Я попрощался с огневиком, угостив его подсоленной горбушкой, которую дал мне старик.

– Про Светлый Круг ты уже знаешь, – сказал высокородный Ставр.

– Знаю, – согласился я. – И дивлюсь: когда ж это они приехать успели? Или это… прыгали? Так, что ль?

– Нет, Даль. Никто не прыгал. Но будут. – Старик посмотрел в сторону конюшни. – Пойдем, посидим на солнышке.

Тут я заметил, что глаза у него все в красных жилках, и веки воспалены. Не спал старик ночь, беспокоился. А он, как ответил на мои мысли, сказал:

– Ночь у меня была сегодня бессонная. Поволновался я за тебя, мальчик.

– Чего уж, – сконфузился я. – Баюница меня выправила. – А сам думаю, смолчал Зимородок или нет о том, что я себя хотел того… Старик ко мне, как к родному, – зачем ему лишнее знать?

– Баюница? – переспросил высокородный Ставр, – Какая Баюница?

Я смекнул, что если старик что и знает, то лишь крохи какие.

– Не Баюн в Тебай появился, – объяснил я. – Баюница. Девка ихняя.

– Вот те раз, – удивился старик, – А Зимородок говорил – Баюн.

– Ошибся он. Кто их, Баюнов, различит.

Высокородный провел меня в обход конюшни, но не ко дворцу. Там, за конюшней росла старая – престарая груша, толстая и корявая, как коралловая ветка. Под грушей, в рябой тени веток, в траве стояли два кресла.

– Вот тут и посидим, – сказал старик с видимым облегчением опускаясь в кресло и утирая вспотевший лоб.

Под грушей было очень тихо: сюда не долетали ни крики конюхов, ни ржание лошадей.
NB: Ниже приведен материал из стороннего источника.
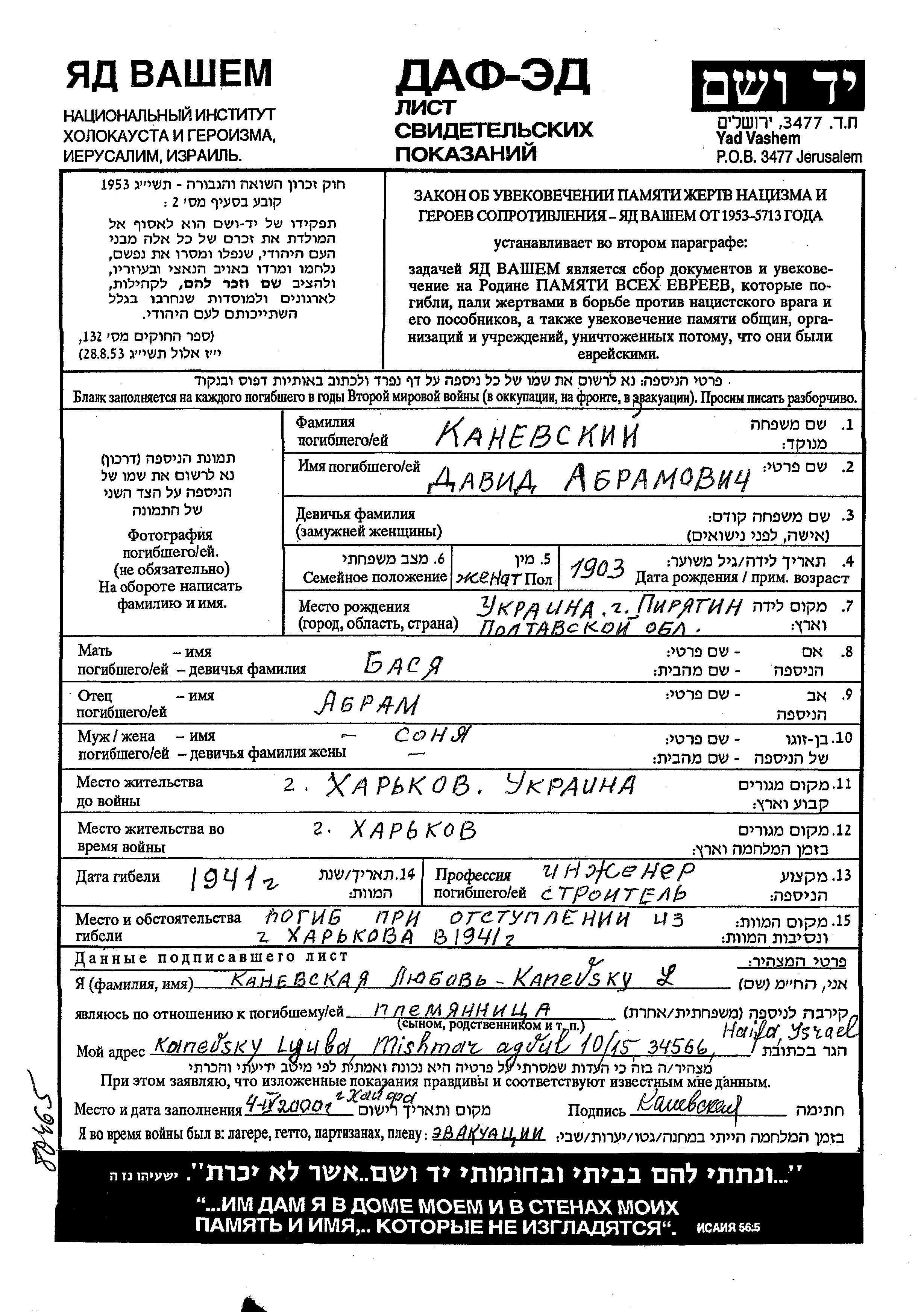 Kanevski David 1903 Kharkov, Ukraine (UdSSR) Gedenkblatt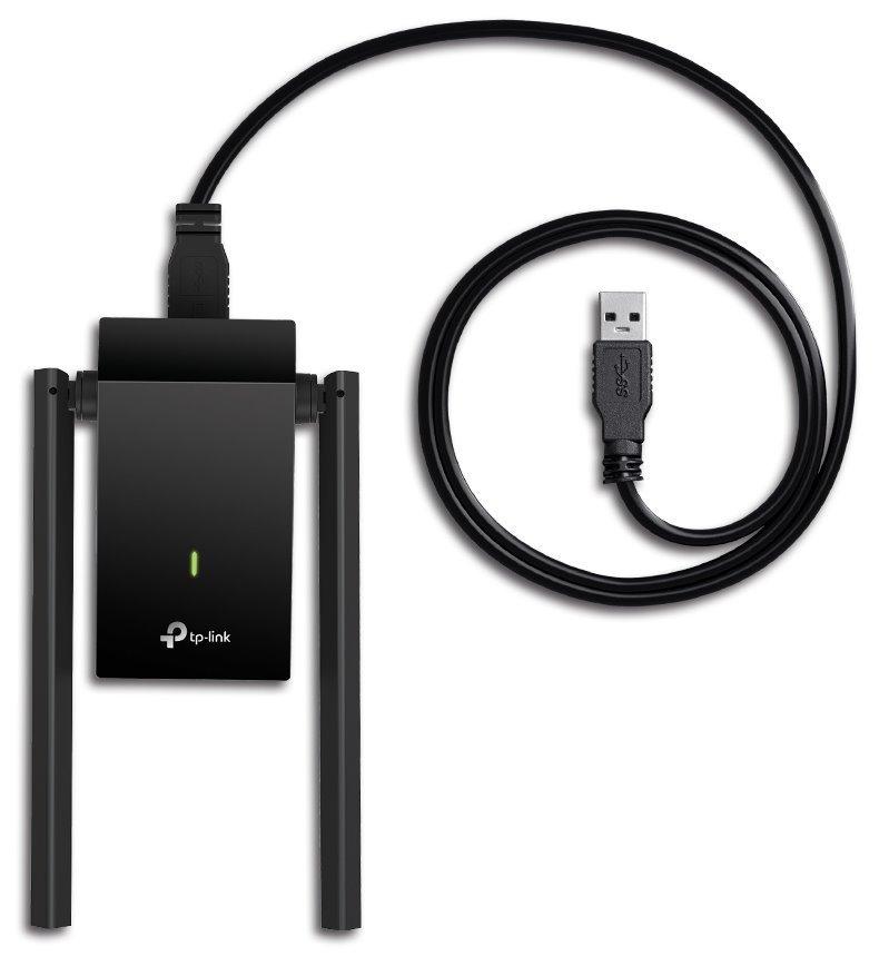 Archer T4U PlusAC1300 High Gain Dual Band Wi-Fi USB AdapterAC1300 High Gain Dual Band Wi-Fi USB AdapterSPEED: 867 Mbps at 5 GHz + 400 Mbps at 2.4 GHzSPEED: 867 Mbps at 5 GHz + 400 Mbps at 2.4 GHzSPEC: 2× High Gain External Antennas, USB 3.0, Extension CableFEATURE: MU-MIMO

Лишь одинокий шмель лениво гудел, кружась над розовой шишкой цветка клевера. Я сел в другое кресло, ожидая, что скажет старик, и размышляя, как это маги не приехав будут.

– Удивительное дело, – произнес высокородный Ставр, – я-то надеялся уговорить Ладного, чтобы он допустил тебя к себе. А он сам тебя позвал. Огневики… И зверьми их назвать язык не повернется…

Я убедился, что высокородный и впрямь ничегошеньки не знает: видно, Зимородок успокоил старика, сказав, что меня излечили, а больше ни гу-гу.

– Даль, мальчик мой, – сказал старик. – Я хотел поговорить с тобой о Зимородке. Он отдал Баюнам это Изделие без ведома круга, спасая тебя. Добром это для него не кончится.

– А чего ему будет? – спросил я.

– Изгнать могут из Круга, – помолчав ответил Высокородный Ставр, – Я Зимородка давно знаю, мы – дальняя родня: его бабка когда-то вышла замуж за моего деда. Мальчиком он гостил у меня в доме.

Ого! Оказывается Зимородок-то из высокородных.

– Они позовут тебя, – продолжал старик. – Помни, он спас тебя.

А старик-то просит мня похлопотать пред Кругом за Зимородка. Хоть и не он спас меня, а Баюница, но другого мага, ежели что, мне не потребно – а как он мне наставником будет, если его из круга прогнали. И за что спрашивается? За то, что он отдал Баюнам вещь, которая их по праву: Баюны вместе с исполинами жили допрежь людей. И вдруг я вспомнил, что сказал Зимородок в подвале Светлогору, когда тот заступил дорогу к сокровищнице: я, мол, со светлыми магами, потому что они меньше похожи на клопов, чем темные. Что тогда Зимородку Светлый Круг? Нужен ли он ему?

– Высокородный, а если Зимородок сам не захочет в Кругу оставаться? – спросил я. – Он, вроде как Круг не очень жалует.

Старик вздохнул и кивнул:

– Значит, и тебе это известно. Может статься и такое. Учителем у него был Дремля, маг искуснейший, и тоже в свое время покинул Круг и ушел отшельничать. Бунтарь был. Вот и Зимородок такой же: многое он от учителя перенял, и не только искусство магическое. Но ты мне все равно пообещай, что замолвишь за него словечко.

Я пожал плечами:

– Куда же я без Зимородка? Он мне наставником будет.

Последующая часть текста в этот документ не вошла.